Only the pictures are to be left out; write out the rest of the data exactly.

----- RECORDS FOR THIS TASK -----

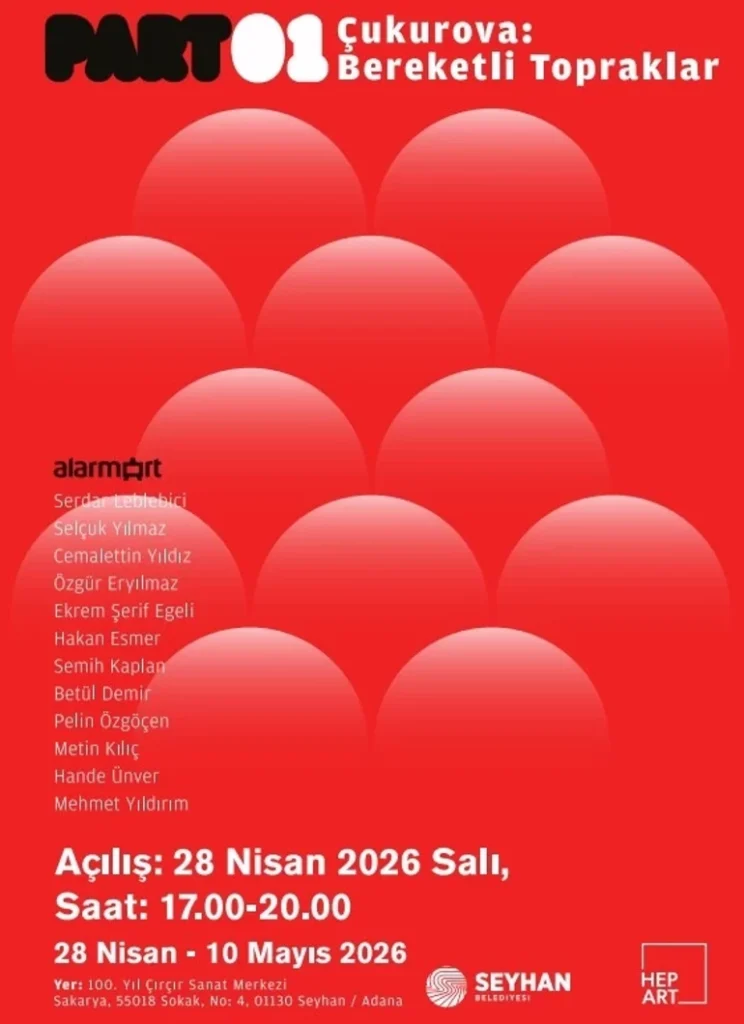 AlarmArt sanatçı topluluğu “Çukurova: Bereketli Topraklar” sergisiyle 28 Nisan’da Adana’da sanatseverlerle buluşacak. Sanatçılar ile işbirlikleri kuran HepArt organizasyonu ve Seyhan Belediyesi’nin evsahipliğinde AlarmArt’ın 12 sanatçısını bir araya getiren sergi, Çukurova’nın çok katmanlı kültürel yapısını ve tarihsel birikimini çağdaş sanat pratikleri üzerinden yeniden ele alıyor.
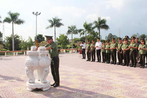 Đoàn công tác Cụm thi đua số 1 CATP Hà Nội dâng hương tại khu "Long An trung dũng kiên cường, toàn dân đánh giặc"...
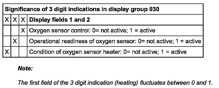 - "Oxygen sensor status" indicates status of oxygen sensor control and oxygen sensors.
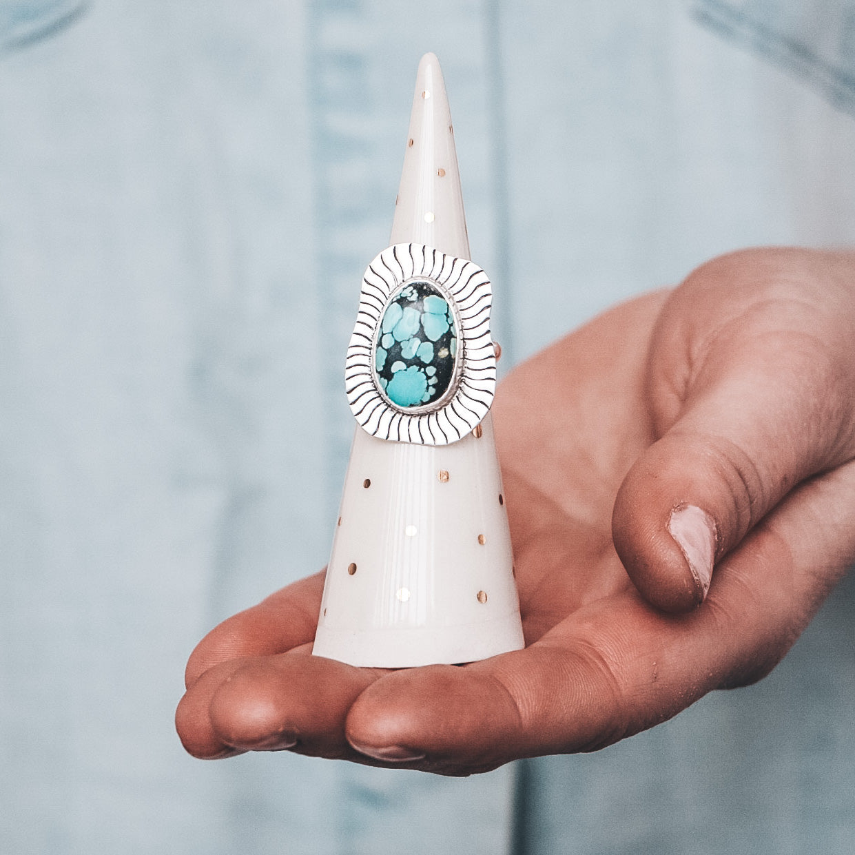 This porcelain ring cone was designed via collaboration with mod crmx, and was made special for Mineral + Mine. Each cone features 22k gold leaf detail in a unique pattern or quote. The detailed gold painting is done by hand by Kate, the one-woman-show behind Mineral + Mine.
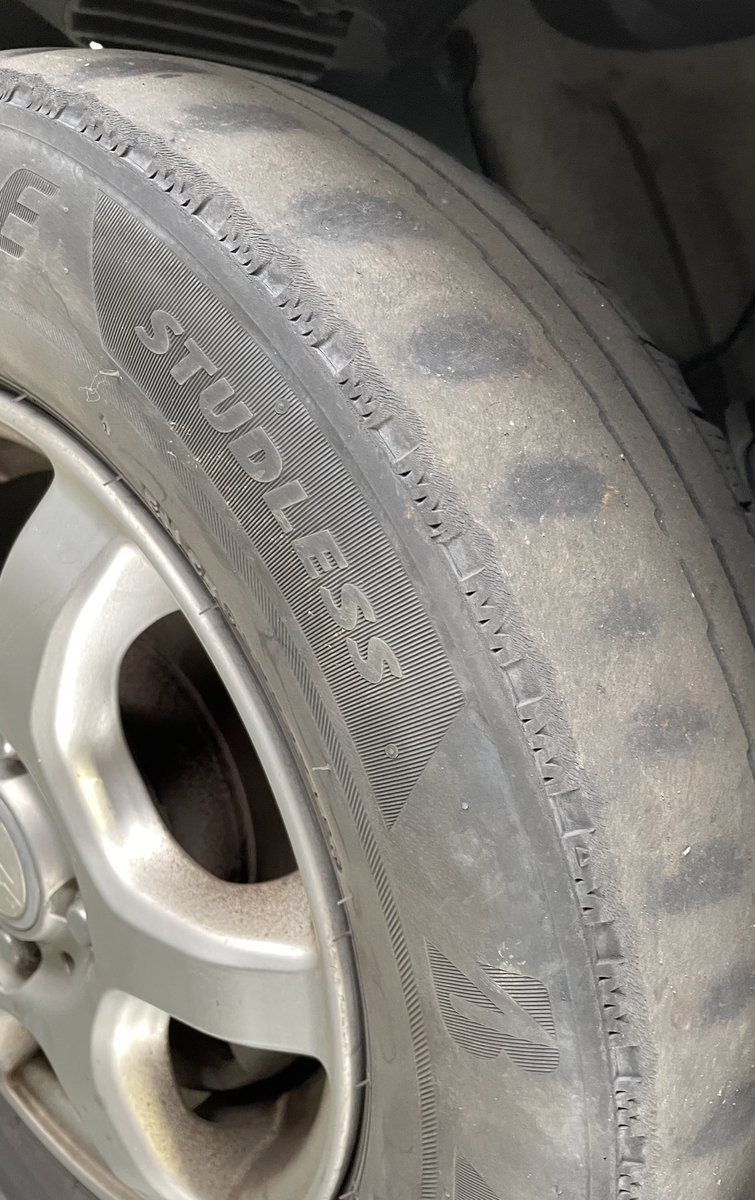 もう夏なのにスタッドレスタイヤはいてるとかやべぇ・・・
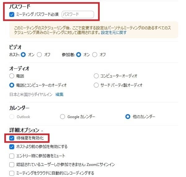 ・”ミーティングパスワード必須”と、”待機室を有効化”にチェックを入れる
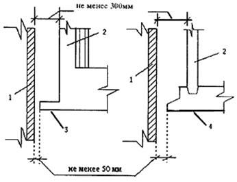 Устройство осадочных швов в перекрытиях путем свободногоопирания их элементов на стены существующих зданий запрещается. Осадочные швы в стенах и зазор между существующими и ограждающими стенами нового здания должны обеспечивать свободное перемещение их при возможных кренах нового и существующего зданий. Заполнение зазоров в плоскостях наружных стен примыкающих зданий надлежит выполнять тонкими декоративными элементами, способными деформироваться при замыкании шва и не передавать усилия на основные конструкции зданий (рис. 1.4). Величина зазора между стеной существующего здания и несущими или ограждающими конструкциями нового не должна быть менее 300 мм
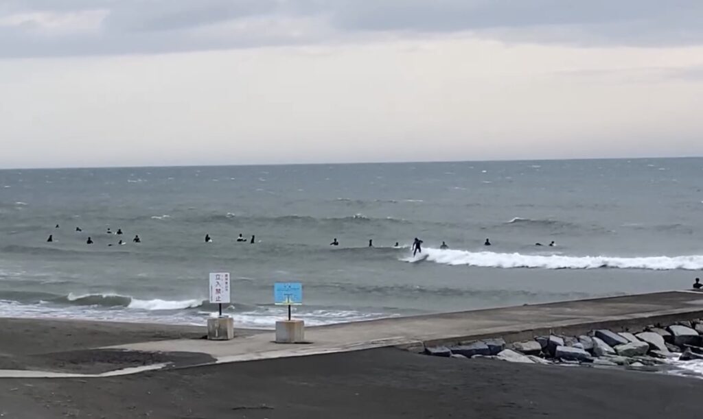 日中にかけても南西寄りの風が強く吹き続けるので、 ウネリは抑えられ、がたつくコンディションが続きそうです。 大きなサイズ変化はなさそうなので、幅広いレベルに遊べそうですが、 ボードの跳ね上がり、跳ね返りには十分に気を付けましょう。
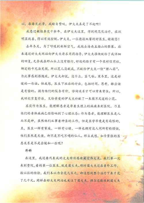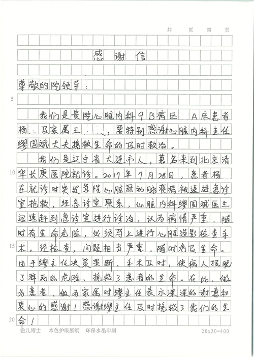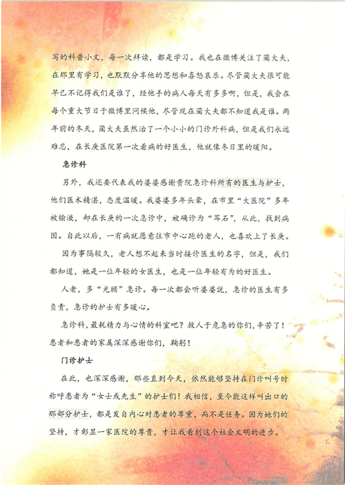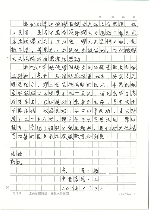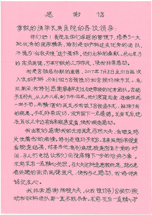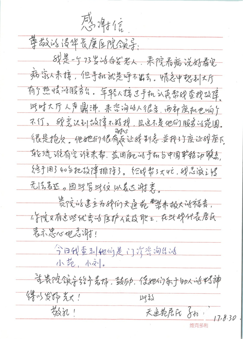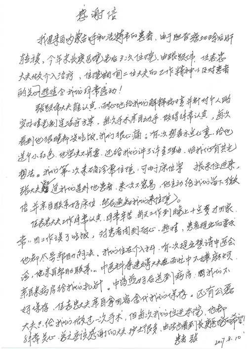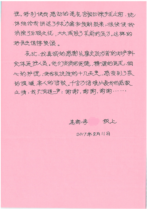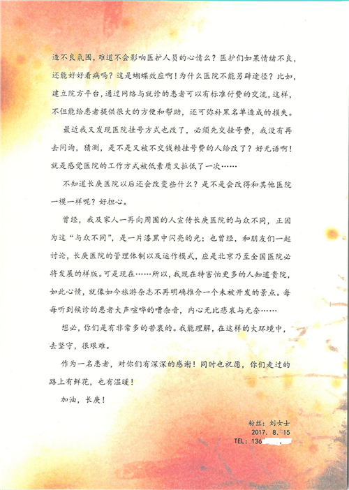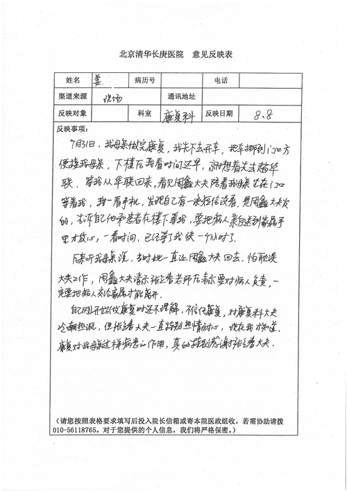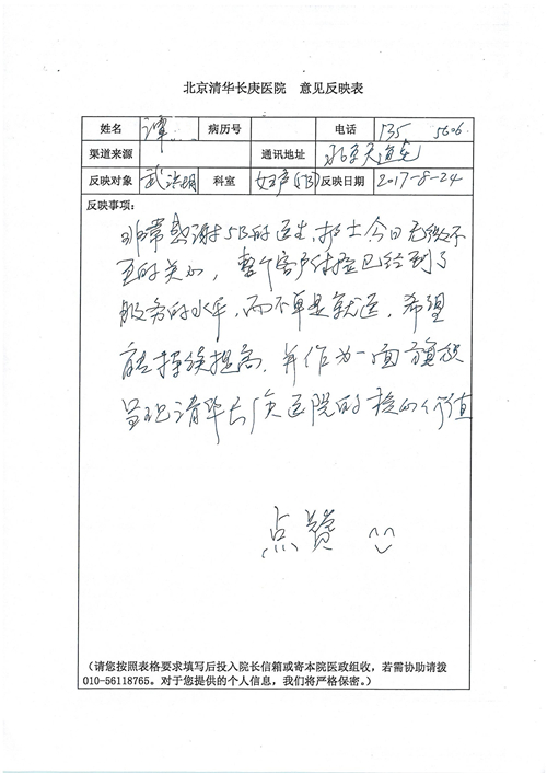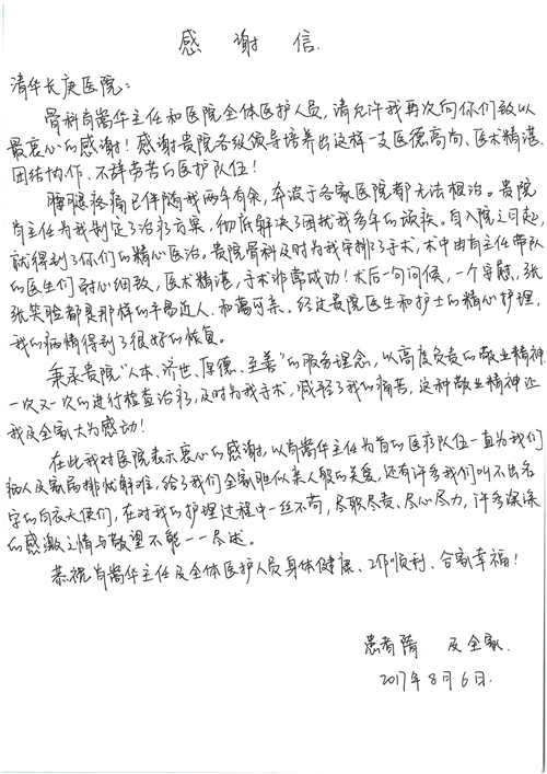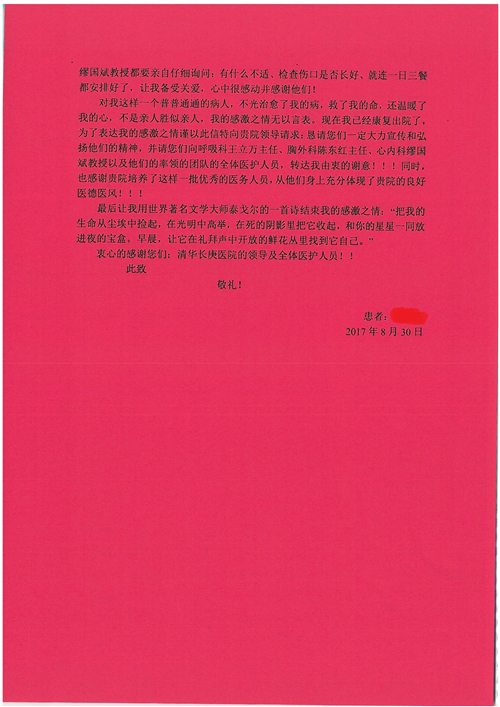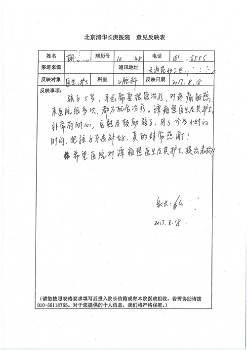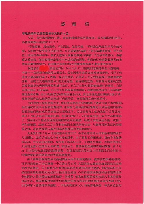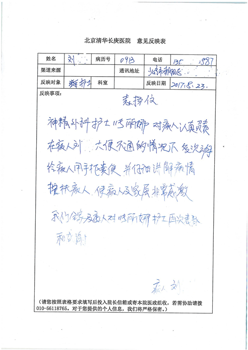 2017年8月,我院共接到患者及家属感谢信49封,其中肝胆外科张跃伟主任医师、曾建平主治医师、王良医师、任志忠医师;胃肠外科李元新主任医师、蔺宏伟副主任医师、王峰副主任医师、刘伯涛主治医师、张鹏主治医师、孙孝文医师;骨科陈连旭主任医师;血管外科吴巍巍主任医师;泌尿外科张鑫主任医师;胸腔外科陈东红副主任医师、杨帆主治医师、苏博兴医师;疼痛治疗科刘芳主治医师;心脏外科沈冬焱副主任医师、李永超医师;心脏内科缪国斌主任医师、王昊天主治医师;呼吸内科王立万副主任医师;血液肿瘤内科于卓副主任医师、李墨丹医师;妇产科廖秦平主任医师、张蕾副主任医师、黄振宇副主任医师、马珂副主任医师、刘晨副主任医师、杨曦主治医师、薛瑶主治医师、陈锐医师;康复医学科张丽春、周鑫;皮肤科赵邑主任医师、陈典主治医师;口腔科谭雍慧医师;眼科何凯;中医科秦建婷主治医师;耳鼻咽喉头颈外科伊海金副主任医师;急诊科张向阳副主任医师、葛厚印医师;医事处刘艳凤、徐超、范丹梅;保卫处万磊;护理部李硕、范李露、宋暖、张丽娜、武洪玥、张家飞、刘锦澄、王莉、蔡娟、陈岐、魏月秀、李丽、代秋菊、司红艳、艾盛月、李梦莹、崔润喆、孟婷、胡志华、王琳琳、尹雪;肖嵩华医护团队、李元新医护团队、廖秦平医护团队;妇产科、胃肠外科、急诊科全体医护人员及8A、妇产科门诊全体护士收到具名表扬。特此公告,以资鼓励!

-----

OUTPUT OF THE EXERCISE:
 AlarmArt sanatçı topluluğu “Çukurova: Bereketli Topraklar” sergisiyle 28 Nisan’da Adana’da sanatseverlerle buluşacak. Sanatçılar ile işbirlikleri kuran HepArt organizasyonu ve Seyhan Belediyesi’nin evsahipliğinde AlarmArt’ın 12 sanatçısını bir araya getiren sergi, Çukurova’nın çok katmanlı kültürel yapısını ve tarihsel birikimini çağdaş sanat pratikleri üzerinden yeniden ele alıyor.
 Đoàn công tác Cụm thi đua số 1 CATP Hà Nội dâng hương tại khu "Long An trung dũng kiên cường, toàn dân đánh giặc"...
 - "Oxygen sensor status" indicates status of oxygen sensor control and oxygen sensors.
 This porcelain ring cone was designed via collaboration with mod crmx, and was made special for Mineral + Mine. Each cone features 22k gold leaf detail in a unique pattern or quote. The detailed gold painting is done by hand by Kate, the one-woman-show behind Mineral + Mine.
 もう夏なのにスタッドレスタイヤはいてるとかやべぇ・・・
 ・”ミーティングパスワード必須”と、”待機室を有効化”にチェックを入れる
 Устройство осадочных швов в перекрытиях путем свободногоопирания их элементов на стены существующих зданий запрещается. Осадочные швы в стенах и зазор между существующими и ограждающими стенами нового здания должны обеспечивать свободное перемещение их при возможных кренах нового и существующего зданий. Заполнение зазоров в плоскостях наружных стен примыкающих зданий надлежит выполнять тонкими декоративными элементами, способными деформироваться при замыкании шва и не передавать усилия на основные конструкции зданий (рис. 1.4). Величина зазора между стеной существующего здания и несущими или ограждающими конструкциями нового не должна быть менее 300 мм
 日中にかけても南西寄りの風が強く吹き続けるので、 ウネリは抑えられ、がたつくコンディションが続きそうです。 大きなサイズ変化はなさそうなので、幅広いレベルに遊べそうですが、 ボードの跳ね上がり、跳ね返りには十分に気を付けましょう。
 2017年8月,我院共接到患者及家属感谢信49封,其中肝胆外科张跃伟主任医师、曾建平主治医师、王良医师、任志忠医师;胃肠外科李元新主任医师、蔺宏伟副主任医师、王峰副主任医师、刘伯涛主治医师、张鹏主治医师、孙孝文医师;骨科陈连旭主任医师;血管外科吴巍巍主任医师;泌尿外科张鑫主任医师;胸腔外科陈东红副主任医师、杨帆主治医师、苏博兴医师;疼痛治疗科刘芳主治医师;心脏外科沈冬焱副主任医师、李永超医师;心脏内科缪国斌主任医师、王昊天主治医师;呼吸内科王立万副主任医师;血液肿瘤内科于卓副主任医师、李墨丹医师;妇产科廖秦平主任医师、张蕾副主任医师、黄振宇副主任医师、马珂副主任医师、刘晨副主任医师、杨曦主治医师、薛瑶主治医师、陈锐医师;康复医学科张丽春、周鑫;皮肤科赵邑主任医师、陈典主治医师;口腔科谭雍慧医师;眼科何凯;中医科秦建婷主治医师;耳鼻咽喉头颈外科伊海金副主任医师;急诊科张向阳副主任医师、葛厚印医师;医事处刘艳凤、徐超、范丹梅;保卫处万磊;护理部李硕、范李露、宋暖、张丽娜、武洪玥、张家飞、刘锦澄、王莉、蔡娟、陈岐、魏月秀、李丽、代秋菊、司红艳、艾盛月、李梦莹、崔润喆、孟婷、胡志华、王琳琳、尹雪;肖嵩华医护团队、李元新医护团队、廖秦平医护团队;妇产科、胃肠外科、急诊科全体医护人员及8A、妇产科门诊全体护士收到具名表扬。特此公告,以资鼓励!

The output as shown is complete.